**What you will do:**
Could you retype every line below exactly, omitting the images?

Source material: Begin

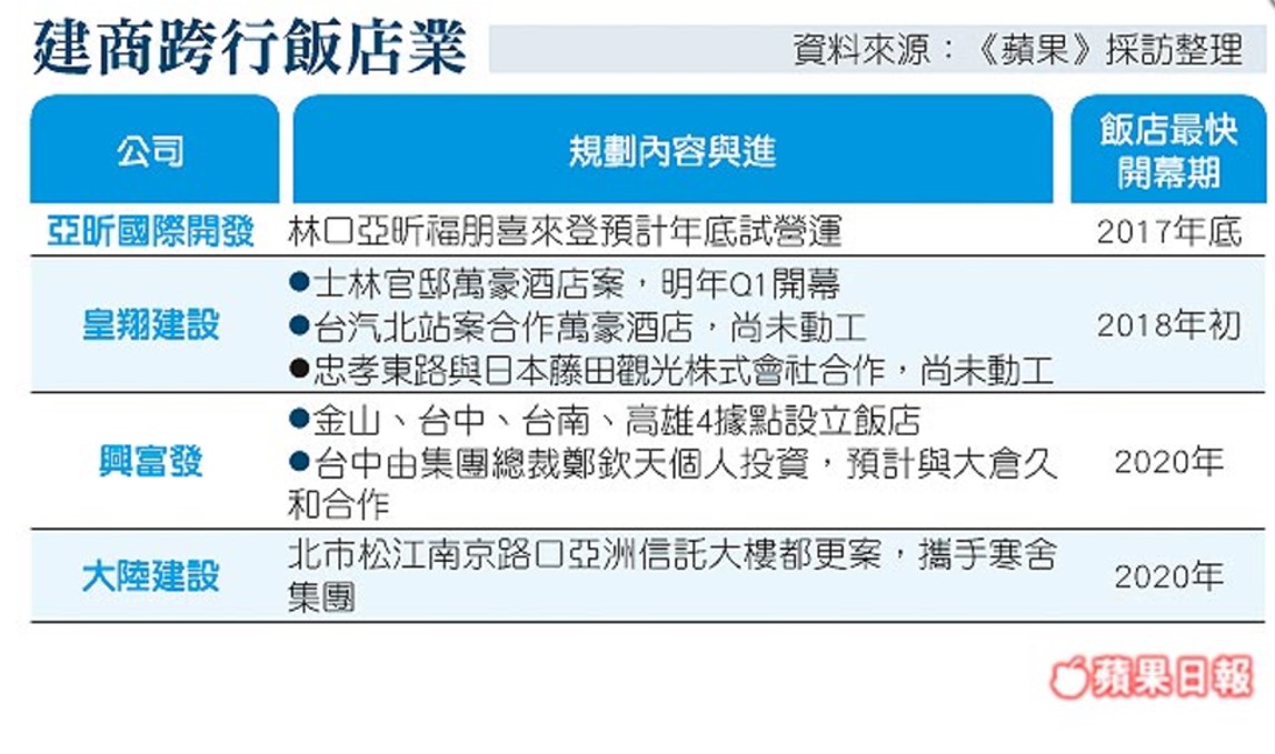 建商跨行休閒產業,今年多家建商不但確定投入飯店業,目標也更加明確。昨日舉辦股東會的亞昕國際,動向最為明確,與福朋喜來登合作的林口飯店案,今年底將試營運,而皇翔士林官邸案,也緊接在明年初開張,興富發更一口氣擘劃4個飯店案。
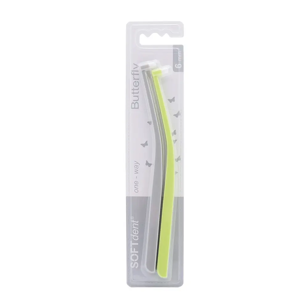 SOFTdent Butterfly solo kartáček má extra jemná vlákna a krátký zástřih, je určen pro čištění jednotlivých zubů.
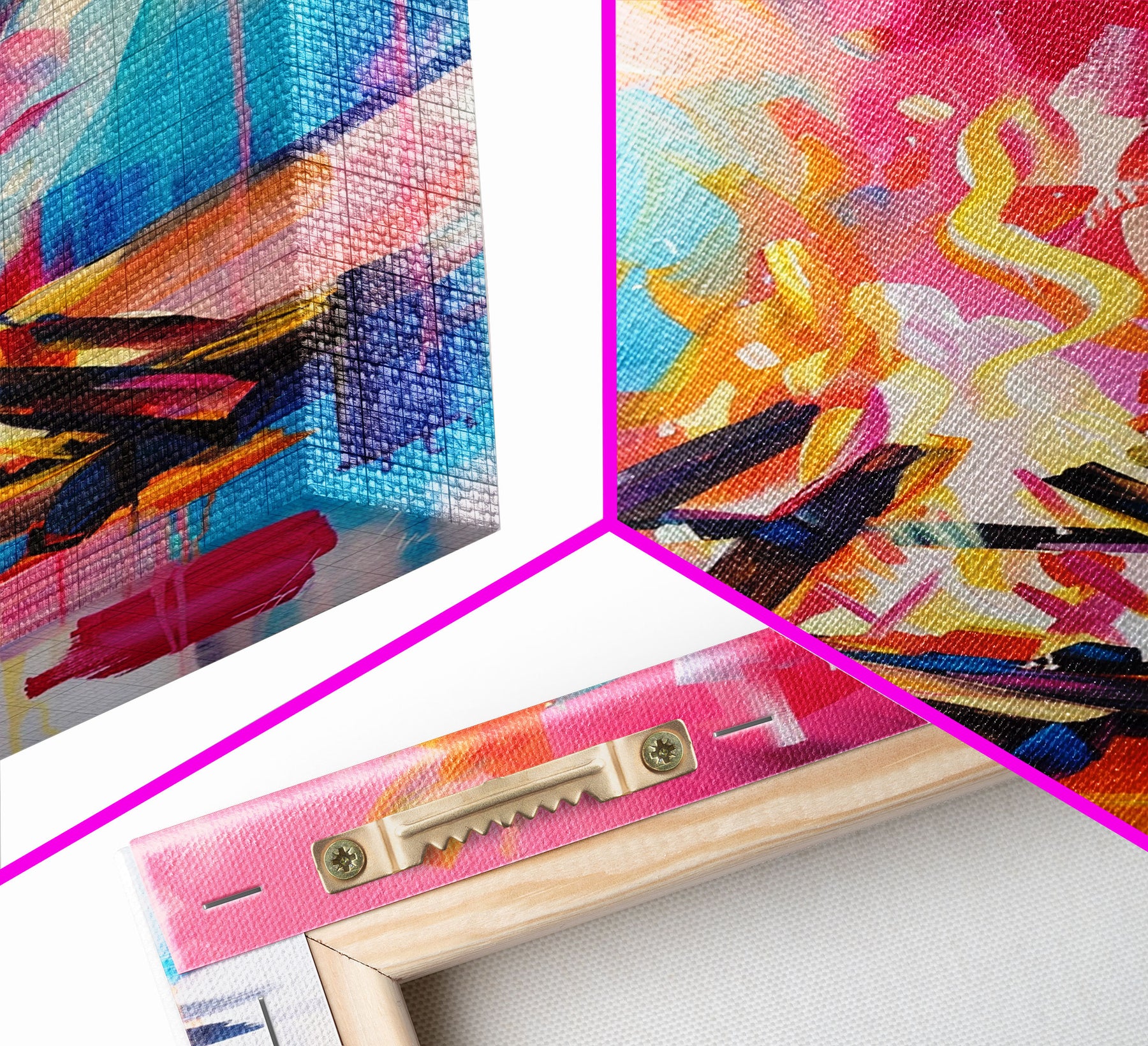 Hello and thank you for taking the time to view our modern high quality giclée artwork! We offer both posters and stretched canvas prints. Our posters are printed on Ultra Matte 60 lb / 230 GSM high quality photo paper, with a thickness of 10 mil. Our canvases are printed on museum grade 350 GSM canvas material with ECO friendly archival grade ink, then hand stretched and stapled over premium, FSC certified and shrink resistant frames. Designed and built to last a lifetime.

Source material: End

**The completed task:**
 建商跨行休閒產業,今年多家建商不但確定投入飯店業,目標也更加明確。昨日舉辦股東會的亞昕國際,動向最為明確,與福朋喜來登合作的林口飯店案,今年底將試營運,而皇翔士林官邸案,也緊接在明年初開張,興富發更一口氣擘劃4個飯店案。
 SOFTdent Butterfly solo kartáček má extra jemná vlákna a krátký zástřih, je určen pro čištění jednotlivých zubů.
 Hello and thank you for taking the time to view our modern high quality giclée artwork! We offer both posters and stretched canvas prints. Our posters are printed on Ultra Matte 60 lb / 230 GSM high quality photo paper, with a thickness of 10 mil. Our canvases are printed on museum grade 350 GSM canvas material with ECO friendly archival grade ink, then hand stretched and stapled over premium, FSC certified and shrink resistant frames. Designed and built to last a lifetime.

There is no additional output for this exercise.